South Australia (SA) based RAA Insurance Limited has paid $43,200 in penalties after ASIC issued four infringement notices for misleading representations made in television advertisements aired in SA.
The regulator was concerned the television advertisements, which were aired between December 2016 and June 2017, contained misleading representations about the ‘lifetime vehicle replacement’ benefit of RAA’s comprehensive car insurance policy.
ASIC Deputy Chair Peter Kell said, ‘Financial service providers must make sure that the attempt to grab consumer attention in their advertising does not give misleading impressions. Key qualifications to the headline offer must be adequately disclosed.’
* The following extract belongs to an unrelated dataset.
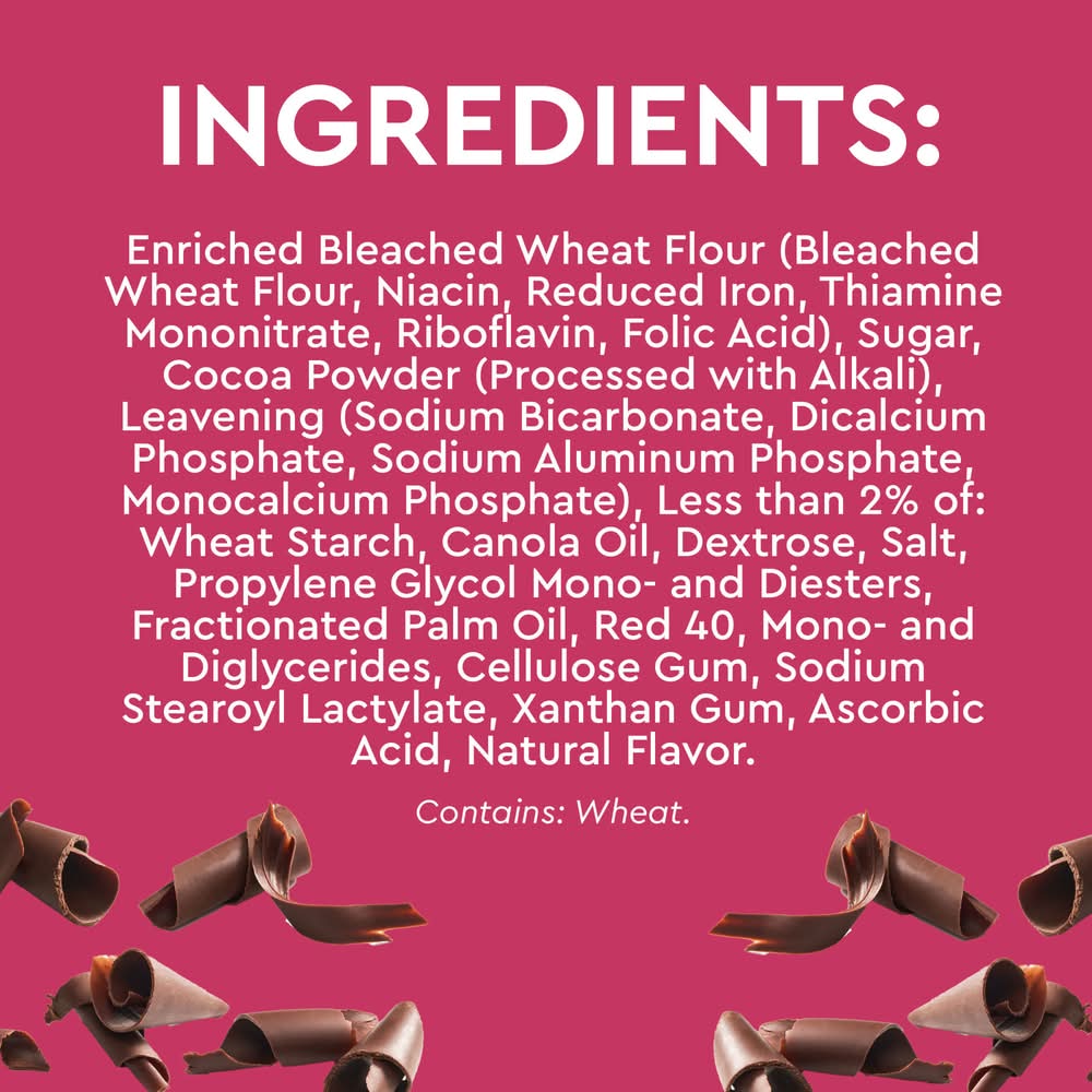 Ingredients: INGREDIENTS: SUGAR, ENRICHED BLEACHED WHEAT FLOUR (WHEAT FLOUR, NIACIN, REDUCED IRON, THIAMINE MONONITRATE, RIBOFLAVIN, FOLIC ACID), EMULSIFIED PALM SHORTENING (PALM OIL, PROPYLENE GLYCOL MONO- AND DIESTERS OF FATS AND FATTY ACIDS, MONO- AND DIGLYCERIDES, SODIUM STEAROYL LACTYLATE), COCOA POWDER PROCESSED WITH ALKALI, LEAVENING (BAKING SODA, DICALCIUM PHOSPHATE, SODIUM ALUMINUM PHOSPHATE, MONOCALCIUM PHOSPHATE), CONTAINS 2% OR LESS OF: WHEAT STARCH, DEXTROSE, SALT, PALM OIL, RED 40, CELLULOSE GUM, XANTHAN GUM. Contains: Wheat

ASIC was concerned that the advertisements gave consumers the impression that RAA would replace their car with a new one if the car was a total loss. However, important additional conditions applied in order to qualify for this benefit – the car must have been manufactured after 2014 and must have been insured exclusively with RAA since new.
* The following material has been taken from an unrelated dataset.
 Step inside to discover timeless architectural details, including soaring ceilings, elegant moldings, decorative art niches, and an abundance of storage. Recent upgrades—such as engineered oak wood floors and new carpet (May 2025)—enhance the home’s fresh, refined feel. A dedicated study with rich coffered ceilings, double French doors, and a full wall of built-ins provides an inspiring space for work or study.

The advertisements did not, in ASIC’s view, adequately disclose or explain that these additional conditions applied and that the included disclaimer was insufficient to effectively qualify the predominant message of the advertising because:
- the disclaimer was in fine print at the bottom of the advertisement and only displayed for a short period of time; and
- there was distracting audio-visual content in the advertisement while the disclaimer was displayed.
RAA has ceased airing the television advertisements.